The formulation “we are all responsible” is simply wrong. Some benefit from it; others suffer under it. It is man-made (less woman-made), defined by those with power, power which is very unevenly distributed. The 99% are not responsible for it, the 1% are. The formulation “blame in persistent systemic issues” is not a radical criticism of the system, but rather a cop-out,iii undercutting efforts to identify who is actually responsible, avoiding identifying the real changes that might address the roots of the problem the data identifies.
Going beyond the cop-out of blaming “the system,” three actions are needed: first, the actors that implement it need to be specified, second, the institutions that are the framework of their actions need to be confronted, and thirdly the system that underlies their actions needs to be named. Finally, of course, the purpose of all this is to formulate a viable political responses to change he present patterns.
We may look at the human agents responsible for these killing of blacks at three levels:
1) the individual perpetrator, the policeman firing the shots in our case;
2) the social institutions which directly produce, promote and constrain the individual perpetrator’s behavior, in our case the police departments, the criminal justice system, the schools, the housing, and
3) the underlying system, economic, social, political, cultural, which for present purposes I would name the racist/capitalist system (more on its definition below).
1. Firstly, as to the individual responsibility:
it is true that it is “too large a problem to pin on any specific individual officers.”iv But it is individual officers that do the shooting. They are at the flashpoint where the damage is done. Do they have the intent to kill blacks? Perhaps not. They are indeed constrained and subordinate to the system. Yet they have a certain amount of free will. But it is not a matter of an intent to kill blacks, but rather of the actual and predictable and known impact of they actually knowingly dov. In Fair Housing legislation, the law prohibits not only actions undertaken with the “intent to discriminate” but also actions “having a disparate impact” on members of the protected group. The standard for a police officer should be no lower than the standard for a planner or zoning administrator or developer. Certainly, the individual police officer is also subject to the social institutions and agencies– the courts, the legislatures, the schools, and the overall set of criminal justice policies, budget cuts, and social patterns. And is further moulded by the underlying system, with its inequalities, its insecurities and fears and perverse incentives. But holding the single individuals responsible for the direct result of their actions when they have in fact a realistic choice would surely be fair and a major help in avoiding those results.
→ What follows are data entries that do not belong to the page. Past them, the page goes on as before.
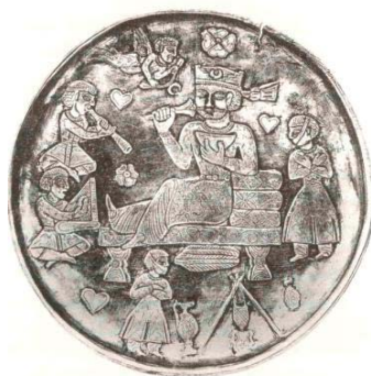
تصویر ۴۰- نوازندگان روی بشقاب نقره، ساسانی، موزه ارمیتاژ (سپنتا، ۱۳۸۲: ۳۵)

از دوره ساسانی، مهرهای زیادی کشف شده که، منقوش به نقش رامشگران است. در آن‌ها، هم نقش میمون و هم انسان در حال نواختن ساز مشاهده می‌شود که نشانگر قوت موسیقی در این دوران است. در موزه ارمیتاژ، ظروف نقره دیگری با نقش نوازندگان وجود دارد. یکی از آن‌ها، بشقاب نقره‌ای است که شاه را نشسته بر تخت، نشان می‌دهد که، نوازندگان مقابل او در حال نواختن نای و چنگ هستند (تصویر ۴۰).
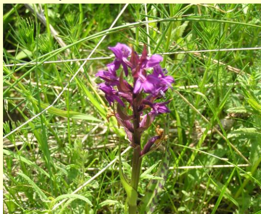
NÁUČNÝ CHODNÍK REMATA
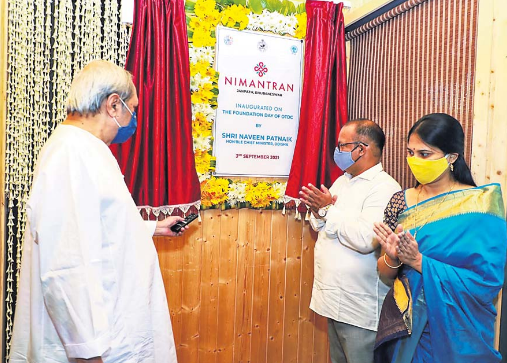
ମୁଖ୍ୟମନ୍ତ୍ରୀ ନବୀନ ପଟ୍ଟନାୟକ 'ନିମନ୍ତ୍ରଣ' ରୁ ଉଦ୍‌ଘାଟନ କରୁଛନ୍ତି। ନିକଟରେ ଅଛନ୍ତି ମନ୍ତ୍ରୀ ଜ୍ୟୋତିପ୍ରକାଶ ପାଣିଗ୍ରାହୀ ଓ ଓଡ଼ିଶା ଅଧିକାରୀ ଶ୍ରୀମତୀ ମିଶ୍ର।

ଓଡ଼ିଶା ପର୍ଯ୍ୟଟନ ଉନ୍ନୟନ ନିଗମ (ଓଡ଼ିଶା)ର ୪୨ତମ ପ୍ରତିଷ୍ଠା ଦିବସ ଅବସରରେ ଶୁକ୍ରବାର ମୁଖ୍ୟମନ୍ତ୍ରୀ ନବୀନ ପଟ୍ଟନାୟକ ଖାଣ୍ଡି ଓଡ଼ିଆ ବ୍ୟଞ୍ଜନ ରେଷ୍ଟୋରାଣ୍ଟ 'ନିମନ୍ତ୍ରଣ'ର ଶୁଭାରମ୍ଭ କରିଛନ୍ତି।
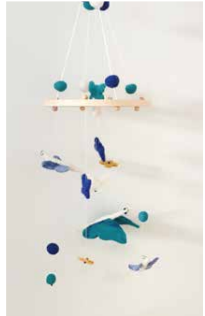
Mobile Variante 2- FE0001 164
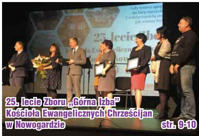
25. lecie Zboru „Górna Izba” Kościoła Ewangelicznych Chrześcijań w Nowogardzie
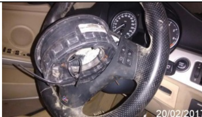
Detalhe da Avaria

The courts are an appropriate institution to do the fact-finding and the balancing of individual choice against the social and constitution constraint required to deal with the specifics of individual situations, and if they are biased, the tools to deal with that bias are certainly known and in general available.
2. Secondly, as to the social institutions:
If, as Mullainathan and many others properly argue, more or better education is required, it should be provided, if the courts are not doing their jobs as they should, then the judicial system should be reformed; if police departments were reformed and trained, controlled, incentivized, not to shoot and kill, there would be less killing; if a gun culture is partly responsible, it should be addressed by appropriate legislation and civil society condemnation. Such reforms will certainly not be adopted without conflict. There are vested interests, both public and private, behind the institutions as they are, and serious reforms will meet serious opposition from powerful opponents. The distribution of power, rather than the search for justice, makes the fair resolution of these issues difficult. But these institutions have been made by human beings, and they can be changed by them.
While underlying systemic factors mould both the actions of specific actors and of specific institutions, placing some blame for their result properly points to the complexity of the problem, “blaming the system” is no reason not press for remedial actions and reforms, which could ameliorate even the most difficult of the issues involved .. They are not all structural systemic, and it is counter-productive to assume they are, or to think they cannot be significantly alleviated even with the existing underlying system.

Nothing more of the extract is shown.